My family was coming home from a vacation in Florida. Daddy always kept the speed right around 80 mph (unsafe speed). The car was foggy with his cigarette smoke (second-hand smoke). Mama rode shotgun with her arm across the back of the seat so she could pop Daddy on the shoulder when he started swearing at slow drivers (bad language). She was also in a ready position to swat (physical punishment) whomever she could reach in the backseat when things got rowdy. Little sister Mary always sat in the front (favoritism). My sister Lou and I claimed the back window seats. We each traveled with an arm out the window to continue working on our tans (no sunscreen). Every hour we'd scramble over our brother Clay (no seat belts) and tan the opposite arm. Poor Clay was always stuck in the middle and would get bopped if he even breathed "over the line" (more physical punishment).
We were flying up Highway 17 near Jacksonville, N.C., when Clay screamed "STOP!" and Daddy nearly fishtailed into a ditch.
We jumped out and Clay led us to a boggy patch of Venus Fly Traps. We dug up some for Clay's terrarium (digging rare, endangered plants in the wild) and sped home. How had an 8-year-old spotted the plants through the cloud of smoke and high-speed blur?
We had a natural plantsman in the family.
He's a master gardener now and has taught horticulture classes and garden workshops. He is my "go-to-guy" when I have garden questions. He knows the rules and is not afraid to break them when it comes to trying something new or finding an easier way.
I called him this week with some last-minute questions about saving plants through the winter months.
Annual geraniums were first on my list. He advised me to dig them up before our first hard freeze. Bang the roots against the ground to get off all the dirt. Hang them in the basement or garage -- anywhere that's cool but not freezing -- and forget about them.

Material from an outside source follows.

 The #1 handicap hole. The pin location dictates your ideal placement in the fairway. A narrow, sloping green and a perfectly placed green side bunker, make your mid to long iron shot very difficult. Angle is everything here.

By next spring they'll be dry, brittle and brown, and I'll be thinking I wasted my time. But when other gardeners are buying expensive pots of geraniums, I can put mine back in the border or containers, water and wait for them to green up and bloom.
Last spring I planted several varieties of scented geraniums. They are huge now and the foliage is gorgeous. Clay says I can dig them up, pot them, water them thoroughly and put them near my basement window. He says to let them get very, very dry before I water again. Late next spring I can pop them back into the ground. I'm going to try the same thing with my beautiful sky-blue annual plumbago.

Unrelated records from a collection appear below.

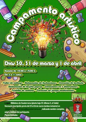 La Biblioteca Municipal Arcipreste de Hita de Guadarrama acogerá un campamento artístico durante los días no festivos de Semana Santa, con el objetivo de que los más pequeños disfruten de sus vacaciones a través de actividades creativas.
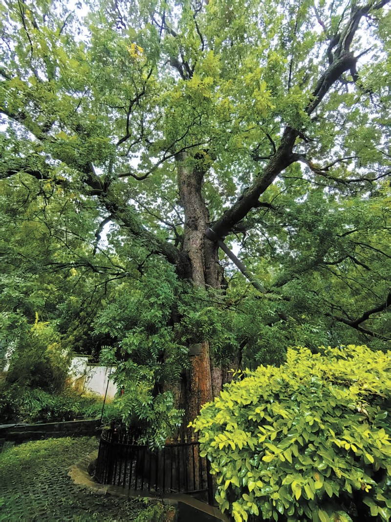 在昆明龙泉寺,高大的黄连木在雨中看起来更加枝舒叶展,生机旺盛。但这株古树因长期生长在石板缝隙中,土壤贫瘠、根系受损,枝叶曾经一度枯萎。
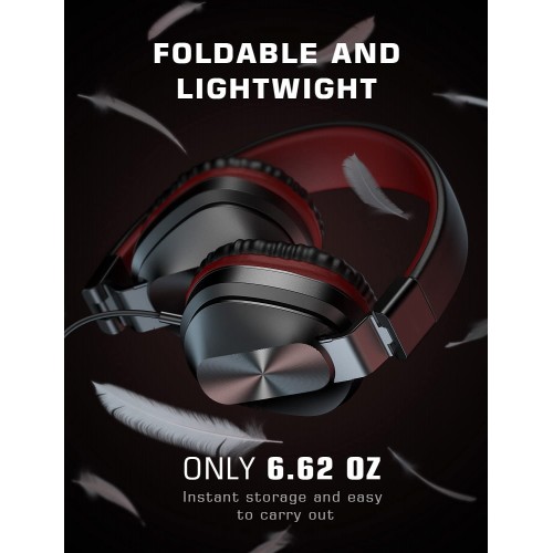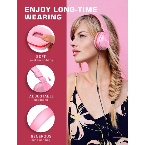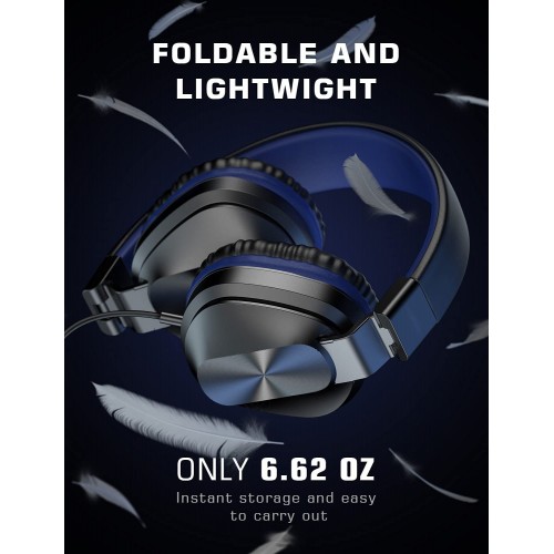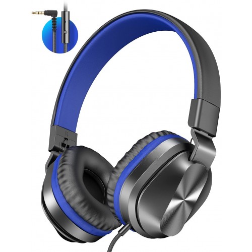 On-Ear Headphones with Microphone, Universal Foldable Wired Headphones for Adults Children Boys Girls Kids, Lightweight Portable Stereo Headphones with 1.5M Tangle-Free Cord for School Home Travel
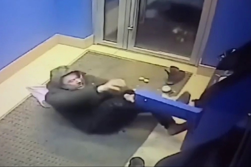 Инцидент произошел на улице Станционная. На кадрах видно, что сибиряк зачем-то разулся в банке и разбросал ботинки. После этого мужчина сел на пол и попытался открыть ячейку банкомата, где хранились деньги.
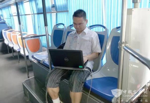 炎炎夏日里,55路公交车成了我们的战场。为了掌握不同工况下的汽车运行情况,团队成员们一整天都要闷在公交车内,采集不同的数据。频繁的跟车试验,让清石广场到向阳广场这条线路,成为了大家最熟悉的风景。
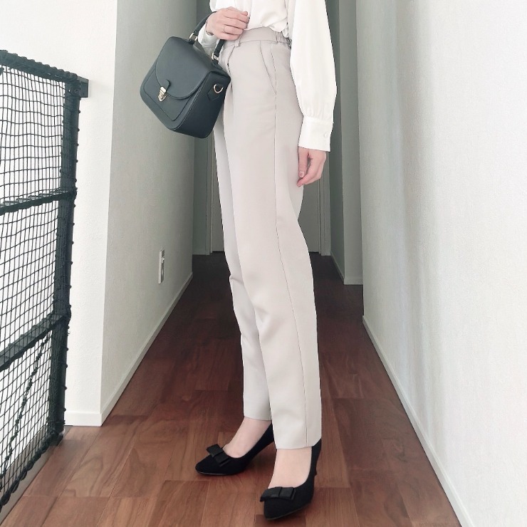 脚をスッキリ、きれいに見せるテーパードパンツです。
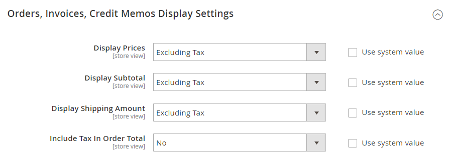 Kromě daňových pravidel existují obecná daňová nastavení Magento, která určují konečnou výši daně v objednávce. Tato nastavení se nacházejí v části Obchody > Nastavení > Konfigurace > Prodej > Daň :

The trick, Clay says, is to try this method with plants that would be considered perennials farther south. I need to simulate a dormant season for them. Cool, but not freezing temperatures. Some light but no need to have hours of bright light every day. Some water when they are completely dry. Too much light and water and they'll be struggling to grow. They need a rest before they get geared up next spring.
He was quick to add his usual disclaimer. "It might work, it might not. But if some of them make it through the winter, you're ahead of the game next April. What've you got to lose?"

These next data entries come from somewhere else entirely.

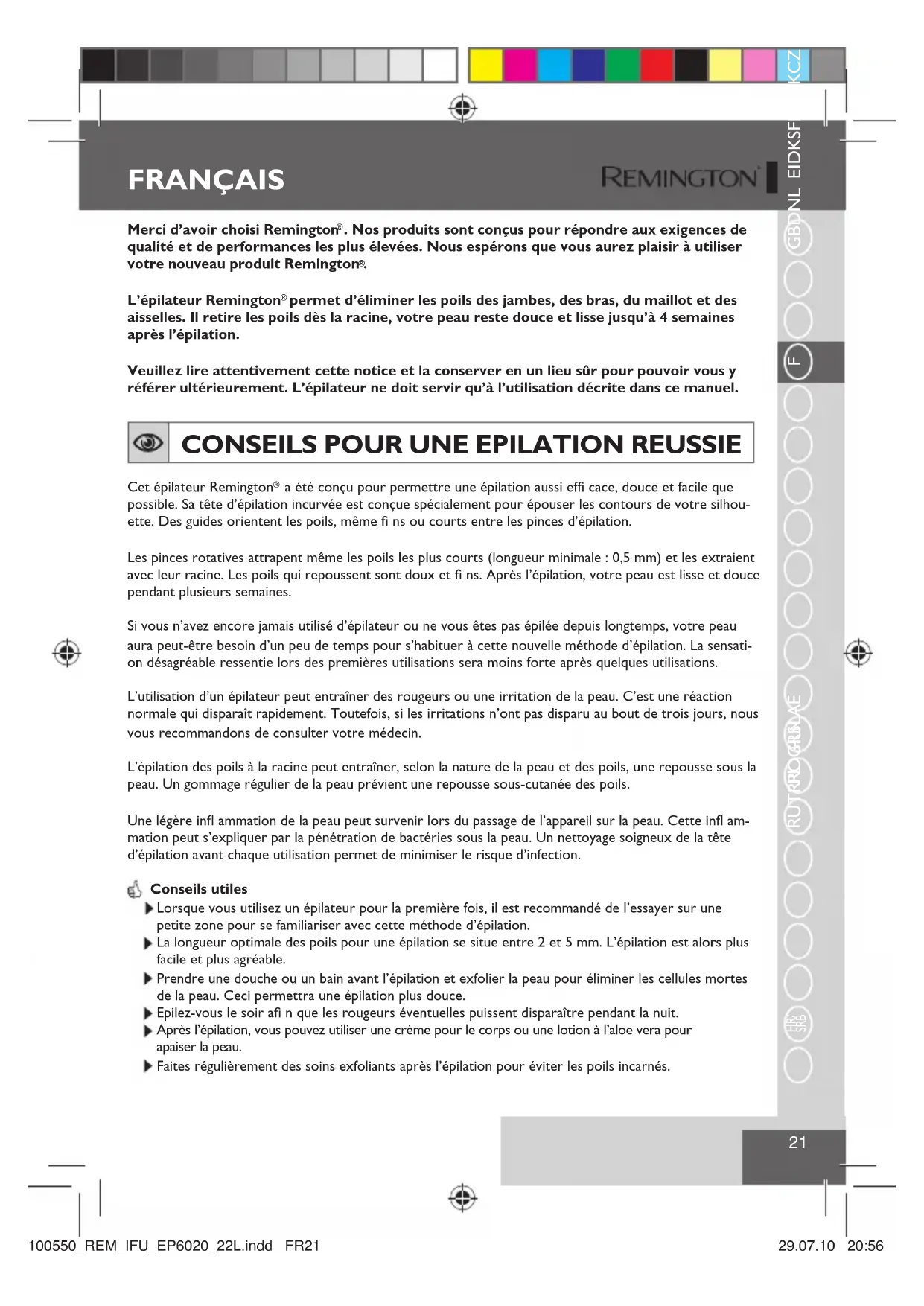 Faites régulièrement des soins exfoliants après l’épilation pour éviter les poils incarnés. FRANÇAIS 100550_REM_IFU_EP6020_22L.indd FR21100550_REM_IFU_EP6020_22L.indd FR21 29.07.10 20:5629.07.10 20:56FRANÇAIS
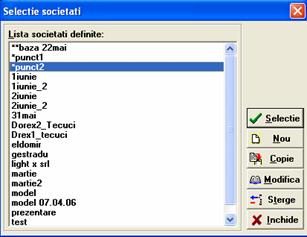 Primul pas la deschiderea programului este selectarea societatii de lucru, executand dublu clic pe campul de langa eticheta "Societatea" si selectand apoi din lista intitulata Selectie societati.
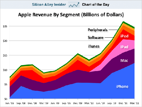 iPhone приносит Apple все больше денег. Напротив, доля компьютеров Mac
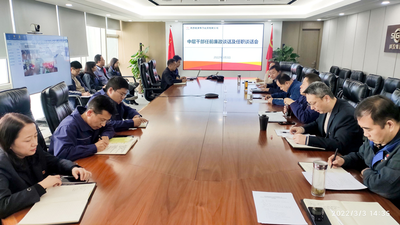 3月3日,公司召開中層干部任前集體廉政談話及任職談話會(huì)。黨委書記、董事長(zhǎng)毛冬紅,黨委副書記、總經(jīng)理張小鋒,紀(jì)委書記任廣軍及14名新任職中層干部參加會(huì)議。會(huì)議以視頻和現(xiàn)場(chǎng)相結(jié)合的方式召開,由人力資源部副主任魏鐸主持。

It can't hurt to try. It's that or the compost pile as soon as they freeze.
Plants and children have a lot in common. The rules change but somehow they keep on growing.
Correction: While I was writing my last column, our new grandson was born and I'm afraid my mind was on babies instead of gardening. The fabulous composted topsoil that has produced miracles in my yard is from Rockydale Quarries in Roanoke.